There are many ways to solve the problem (1), such as Newton method, quasi-Newton methods, trust region methods, etc. Since this problem is a large problem, only low-memory methods such as CG methods (e.g., see [6,7,8,9, 22]) and limited memory quasi-Newton methods (cf. [21]) can be used to solve these problems.

2.3 Known CG methods

To solve the problem (1), starting from an initial guess \(u_0\in \mathbb {R}^{|\mathcal {N}|}\), CG methods generate a sequence \(\{u_k\}_{k \ge 0}\) by

$$\begin{aligned} u_{k+1}:=u_k+\alpha _k d_k. \end{aligned}$$
(7)

Here \(\alpha _k\) is a step size, obtained by inexact line search methods, and \(d_k\) is a descent search direction satisfying the descent condition

$$\begin{aligned} \nabla {\textbf {F}}_k^Td_k<0, \end{aligned}$$
(8)

computed by

$$\begin{aligned} d_k:={\left\{ \begin{array}{ll} -\nabla {\textbf {F}}_k,&{}k=0,\\ -\nabla {\textbf {F}}_k+\beta _k d_{k-1},&{} k\ge 1. \end{array}\right. } \end{aligned}$$
(9)

Here \(\nabla {\textbf {F}}_k:=\nabla {\textbf {F}}(u_k)\) is the gradient of \({\textbf {F}}\) at \(u_k\) and \(\beta _k \in \mathbb {R}\) is the CG parameter with known choices

$$ \begin{aligned} \beta _k^{HS}:=\frac{\nabla {\textbf {F}}_k^Ty_{k-1}}{d_{k-1}^Ty_{k-1}},\qquad \text {Hestenes } \& \text{ Stiefel}\,\, [18] \end{aligned}$$
(10)
$$ \begin{aligned} \beta _k^{FR}:=\frac{\Vert \nabla {\textbf {F}}_k\Vert ^2}{\Vert \nabla {\textbf {F}}_{k-1}\Vert ^2},\qquad \text {Fletcher } \& \text{ Reeves}\,\, [14] \end{aligned}$$
(11)
$$ \begin{aligned} \beta _k^{DY}:=\frac{\Vert \nabla {\textbf {F}}_k\Vert ^2}{d_{k-1}^Ty_{k-1}},\qquad \text {Dai } \& \text{ Yuan}\,\, [12] \end{aligned}$$
(12)
$$ \begin{aligned} \beta _k^{HZ}:=\beta _k^{HS}-2\Vert y_{k-1}\Vert ^2\frac{\nabla {\textbf {F}}_k^Td_{k-1}}{(d_{k-1}^Ty_{k-1})^2}, \qquad \text {Hager } \& \text{ Zhang} \,\,[16] \end{aligned}$$
(13)
$$ \begin{aligned} \beta _k^{PR}:=\frac{\nabla {\textbf {F}}_k^Ty_{k-1}}{\Vert \nabla {\textbf {F}}_{k-1}\Vert ^2},\qquad {\textsc {Polak } \& \textsc { Ribiere}} \,\,[26] \end{aligned}$$
(14)

where \(y_{k-1}:=\nabla {\textbf {F}}_k-\nabla {\textbf {F}}_{k-1}\) and \(\Vert \cdot \Vert \) denotes the Euclidean norm.

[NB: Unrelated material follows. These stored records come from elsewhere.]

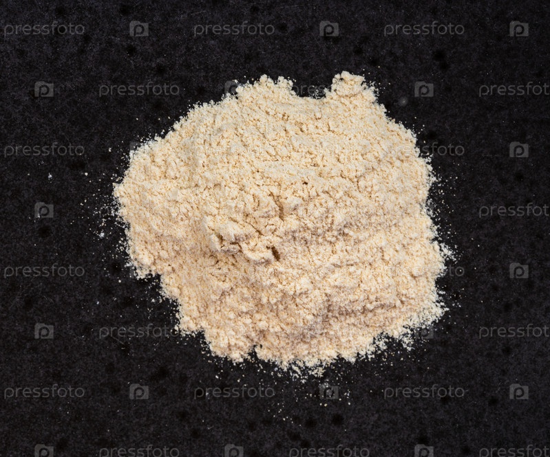 Куча порошка яблочного пектина крупным планом на черном
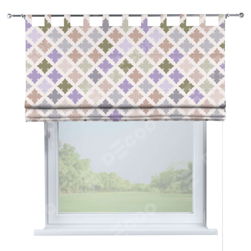 Римская штора производителя «Cortin», используется для проёма, пошита из ткани блэкаут с нанесением сублимационной печати «Фигурные плитки». Данная модель пошита на петлях, комплектуется на выбор круглым карнизом и подходит для монтажа на стену. Римская штора на петлях имеет простую систему регулировки высоты, отличительным преимуществом данной модели является простой способ монтажа. Достаточно повесить ее на трубу и штора готова!
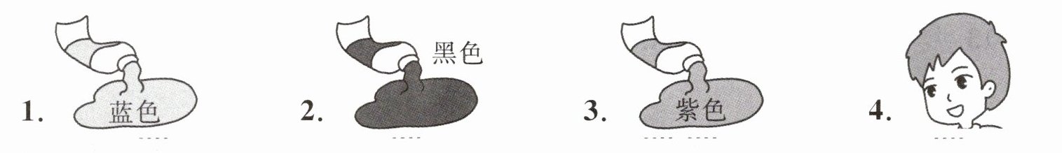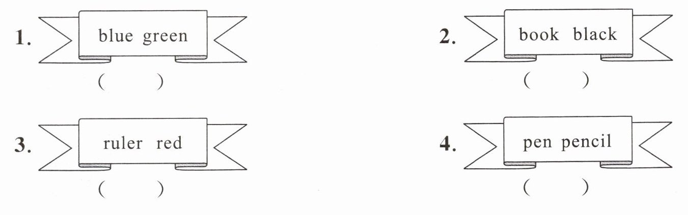 1. √ 解析:blue和green为颜色,属同类,故填√。2. × 解析:book为学习用品,black为颜色,不同类,故填×。3. × 解析:ruler为学习用品,red为颜色,不同类,故填×。4. √ 解析:pen和pencil为学习用品,属同类,故填√。
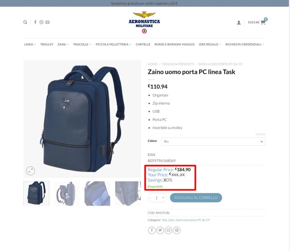 Effettuato l’accesso, selezionando il prodotto desiderato, vedrai lo sconto applicato
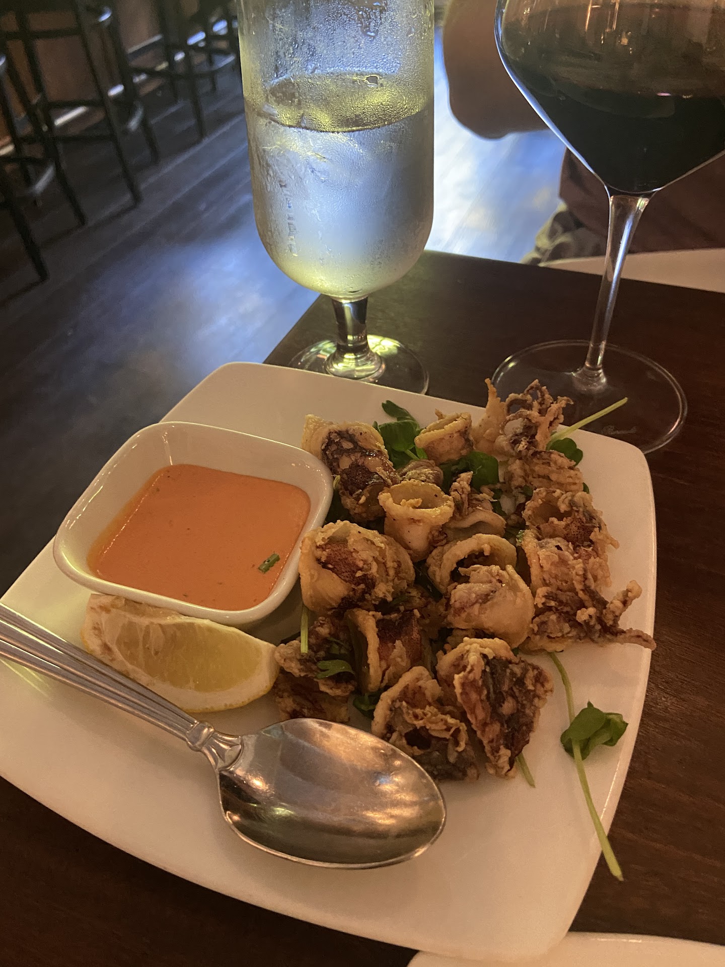 The food was delicious! The taste is worth the price. We had a couple of appetizers: calamari (love that it was not overly breaded), roasted cauliflower, and garlic bread! Now the garlic bread is something to talk about: not overly powerful garlic and cheese, served on a warm and pillow soft bread.
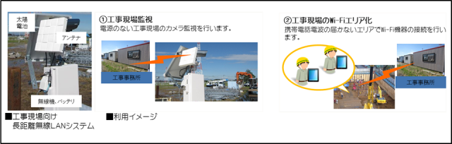 2.4Gまたは4.9Gの長距離無線LAN回線を利用することで、通信回線のない工事現場でも監視カメラの映像を伝送して工事の進捗や安全管理をリアルタイムで確認できるシステム。
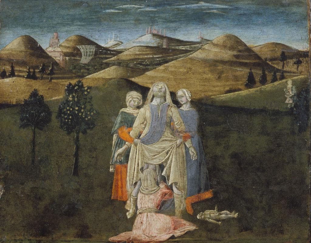 Partie d'une prédelle constituant la partie basse d'un polyptyque composé de panneaux hiérarchisés sur différents étages. La prédelle, faite de tableautins relatant la vie d'un saint ou la Passion du Christ. Etage le moins ' noble ' du polyptyque, la prédelle est plus colorée, anecdotique et narrative, elle constitue la partie du retable que le fidèle peut voir le mieux sans lever la tête.

A generic version of three-term CG (TTCG) methods was proposed by Beale [3] to solve unconstrained optimization problems whose search direction

$$\begin{aligned} d_k:=-\nabla {\textbf {F}}_k+\beta _k d_{k-1}+\gamma _k d_t \end{aligned}$$
(15)

is calculated. Here \(\beta _k=\beta _k^{FR}, \beta _k^{HS}, \beta _k^{DY}\), \(d_t\) is a restarted direction, a direction with a restart procedure, and

$$\gamma _k:={\left\{ \begin{array}{ll} 0,&{} k=t+1,\\ \frac{\nabla {\textbf {F}}_k^Ty_t}{d_t^Ty_t}, &{} k>t+1. \end{array}\right. }$$

In fact, the goal of TTCG methods is to improve two-term CG methods. As in [2], a comparison among TTCG methods is made for solving unconstrained optimization problems, showing that TTCG methods are numerically efficient and robust. To obtain the step size \(\alpha _k\), we use the strong Wolfe line search [33]

$$\begin{aligned} &{\textbf {F}}(u_k+\alpha _k d_k)-{\textbf {F}}(u_k) \le c_1 \alpha _k \nabla {\textbf {F}}_k^Td_k, \end{aligned}$$
(16)
$$\begin{aligned}& \Big|\nabla {\textbf {F}}_{k+1}^Td_k\Big| \le -c_2 \nabla {\textbf {F}}_k^T d_k, \end{aligned}$$
(17)

where \(0<c_1<c_2<1\). The inequality (16) is called Armijo which tries to get a decrease in the function value. The inequality (17) is called curvature which lies a step size in the broad neighborhood of a local minimum point of \({\textbf {F}}\) with respect to \(\alpha \).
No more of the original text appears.